All analyses were conducted using Stata version 13.0 (StataCorp, College Station, Texas, USA). The relative effect sizes for HR were characterized as moderate (protective [0.51-0.75] or contributory [1.35-1.99]) and large (≤0.50 or≥2). The HR was considered significant at the P<0.05 level if the 95%CI did not include the value 1. If the P values from OS and other survival results about corresponding miRNAs were inconsistent, the HR from OS was considered to the main reference standard. Because different types of samples (tissue, plasma and serum) from GC patients at different disease stages, cut-off values and miRNA methods were used in individual studies, random-effects models (DerSimonian-Laird method) were more appropriate than fixed-models (Mantel-Haenszel method) for most of the analyses.
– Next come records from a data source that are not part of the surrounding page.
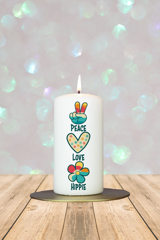 Diese fröhlich gestaltete Kerze ist ein liebevoller Rückblick auf die farbenfrohe Friedensbewegung der Flower-Power-Zeit – und zugleich ein zeitloses Symbol für ein Leben in Harmonie, Freiheit und Liebe. In pastelligen Regenbogenfarben reihen sich ikonische Motive aus der Hippie-Ära aneinander: Eine Hand, die das Peace-Zeichen zeigt, begleitet vom Schriftzug „Peace“, ein verspieltes Herz mit Blümchen und dem Wort „Love“, sowie eine stilisierte Blume mit dem fröhlichen Hinweis „Hippie“. Die Gestaltung versprüht Leichtigkeit, Lebensfreude und den Wunsch nach einer besseren Welt, in der Liebe und Frieden im Mittelpunkt stehen. Ob als Dekoration, Geschenk oder Zeichen innerer Überzeugung – diese Kerze bringt positive Energie und ein Gefühl von Gemeinschaft in jeden Raum. Ein kleines, leuchtendes Denkmal an eine große Botschaft: Peace, Love & Happiness – gestern, heute, morgen.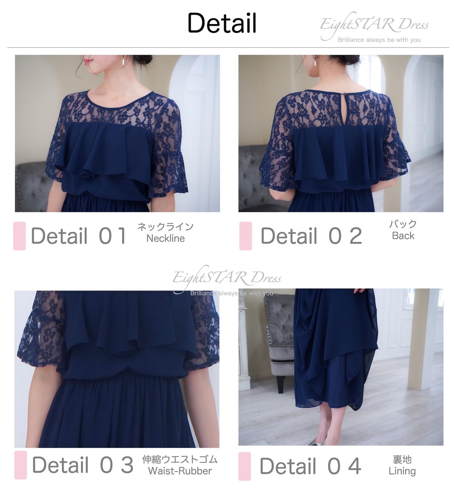 EightSTAR Dress パーティードレス 大きいサイズ ロング 大人 ゆったり 結婚式ドレス お呼ばれ Aライン 袖あり 体型カバー ぽっちゃり 上品 20代 30代 40代 妊婦 JP アルファベット L ネイビー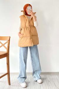 Lamelif Önü Çıtçıt Düğmeli Yelek Camel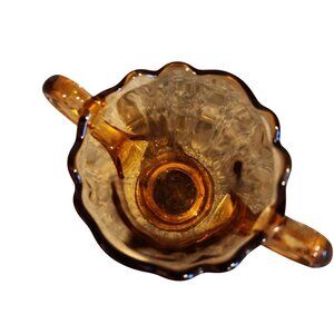 This vintage amber glass creamer and sugar set exudes a classic Depression-era charm, making it a nostalgic addition to your tabletop collection. The elegant design offers a timeless aesthetic, ideal for those who appreciate vintage glassware. Enjoy adding a touch of history to your tea or coffee routine.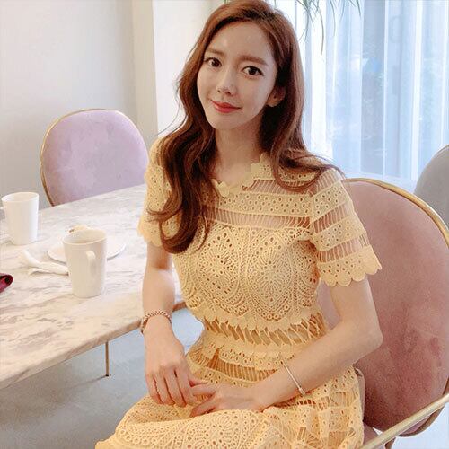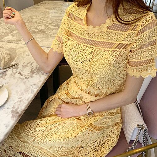 半袖 黄色 レース ロング丈 ワンピース ライトイエロー RB-R4-01-BA-SA-0065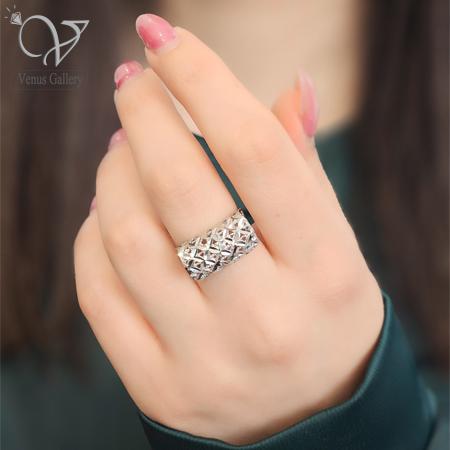 انگشتر نقره مدل تراش طرح طلا سفید (هدیه شیک روز مادر) کد 4644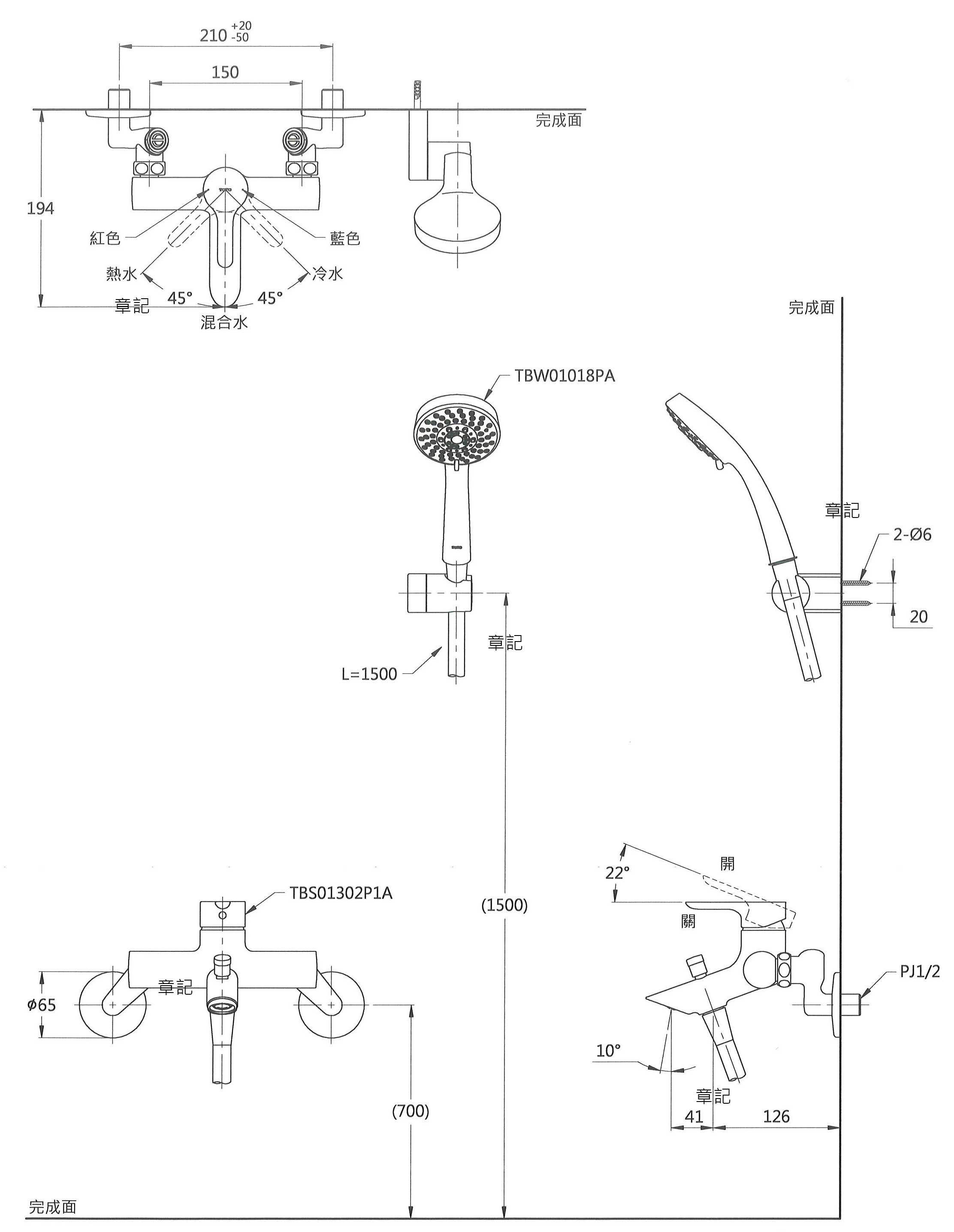 TOTO 沐浴龍頭 TBS01302P1A-S1 尺寸圖
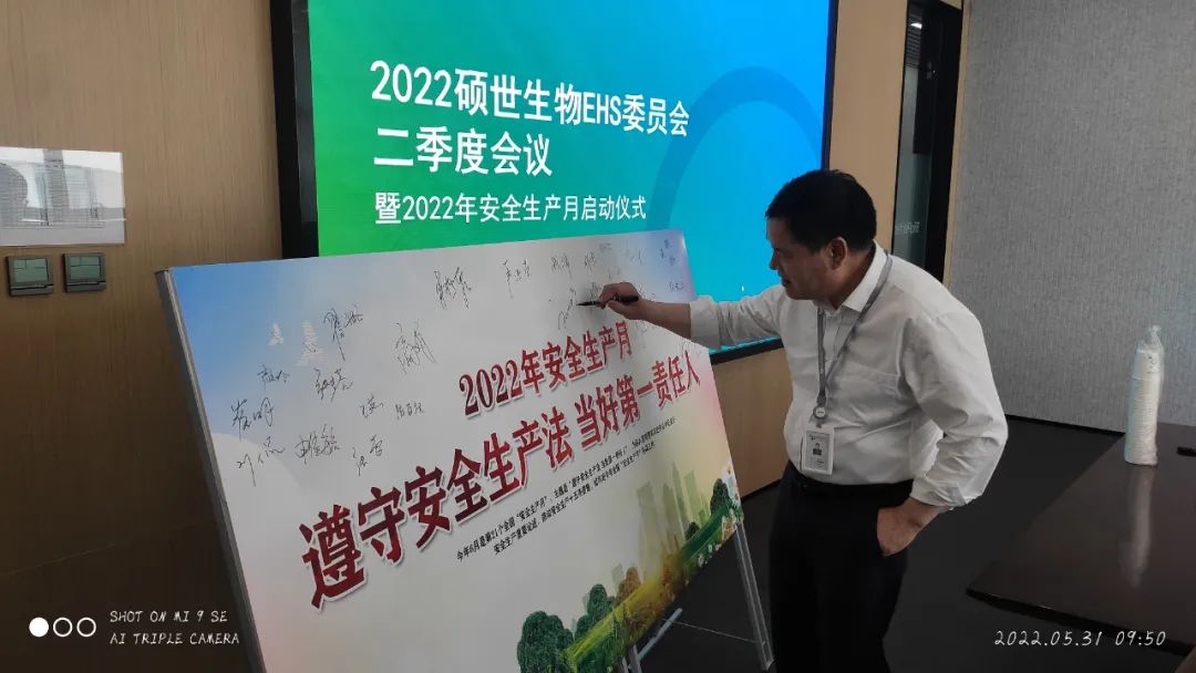 硕世生物总裁王国强亲自部署安全月活动。王国强博士强调,在安全生产方面,必须走在前、作表率,始终将安全生产纳入日常管理,常抓不懈,严格依照法律法规要求,抓好安全生产各项工作,坚决克服麻痹思想、侥幸心理,有效防范并坚决遏制安全生产事故发生。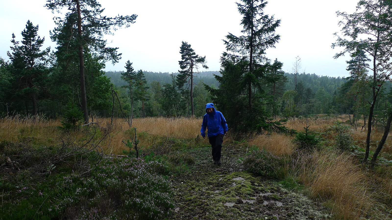 Astrid og jeg har tidligere syslet med planer om turen til Villingstadåsen som er den høyeste åsen i Røyken, men har aldri funnet frem til riktig utgangspunkt for turen. Vi har to ganger tidligere surret omkring på småveiene i Røyken over og under hovedveiene uten å finne frem til Liverud-området. Idag hadde vi bedre tid og nådde omsider frem til Liverud der vi parkerte på en stor plass ved et brannskadet hus. Turstart kl 10 på 160 moh. Fulgte sti/gammel traktorvei mellom jordene til Jaksland og videre innover Jakslandsvegen ca. 2 km. Dette er en flott skogsvei som er sperret med bom. Egner seg fint for sykling. Fulgte forøvrig GPS-sporet fra 19topper (Tor-Arne Paulsen) også idag. Det er endel skilting mot andre åser langs veien, men Villingstadåsen nevnes ingen steder! Da vi var ca 450 m fra toppen i luftlinje begynte vi å se etter en sti mot toppen uten å finne dette. Vi valgte derfor å fortsette på skogsveien til vi kom til en myr der stien fortsatte i desidert feil retning i forhold til vårt mål, fortsatt uten å finne tegn til sti mot toppen. Da ble det å krongle seg frem skritt for skritt gjennom hogstområder med råtne greiner og meterhøyt gress og bregneskog. I tillegg begynte det å regne. Men vi kom oss da omsider opp på "toppen" som er en fjellknaus med en bolt og noen gamle jernbeslag på GPS 6620825 579235. Oppe etter vel 1 time kl 1110. Ganske fint område, men ingen utsikt av betydning under dagens forhold. Heller ingen synlige stier på toppen. Dette er tydeligvis en lite besøkt ås. Vi valgte å gå i en mer direkte rute tilbake til skogsveien, og dette var noe greiere. Tilbake ved bilen kl 12.10. Turdata: 7.6 km, 2 timers gangtid, 280 hm. I morgen går turen vestover, og bra er det ....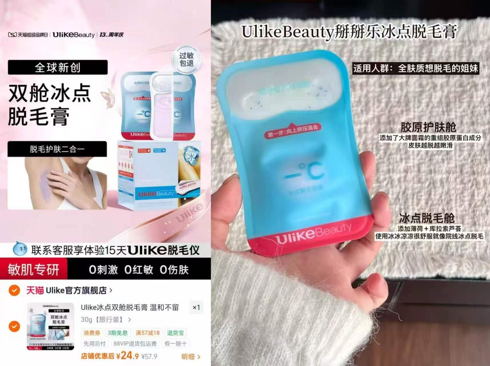 Ulike双舱冰点脱毛膏10g*3袋 24.9元

Consequently, the random-effects models were used in the current meta-analysis. Publication bias was estimated using the Begg's funnel plot. A two-tailed P value <0.05 was considered significant. Sensitivity analysis (influence analysis) was carried out to test how powerful the combined effect size was to removal of individual investigations. If the point assessment was out the 95%CI of the pooled effect size after it was removed from the analysis, an individual study was doubted to have excessive influence.

CONCLUSIONS

In summary, miR-20b, 21, 106b, 125a, 137, 141, 145, 146a, 196a, 196b, 206, 214, 218, 451, 486-5p and 506 demonstrate significantly prognostic value. Among them, miR-20b, 125a, 137, 141, 146a, 196a, 206, 218, 486-5p and 506 are strong biomarkers of prognosis in GC. Acquisition of data: Yue Zhang and Dong-Hui Guan. Analysis and interpretation of data: Yue Zhang, Dong-Hui Guan, Rong-Xiu Bi and Jin Xie. Drafting of the manuscript: Yue Zhang. Revision of manuscript: Yue Zhang, Dong-Hui Guan, Rong-Xiu Bi, Jin Xie, Chuan-Hua Yang and Yue-Hua Jiang. Supervision of work: Rong-Xiu Bi, Jin Xie, Chuan-Hua Yang and Yue-Hua Jiang. All authors read and approved the final manuscript. Role of funding source: The funder had no role in study design, data collection and analysis, decision to publish, or preparation of the manuscript.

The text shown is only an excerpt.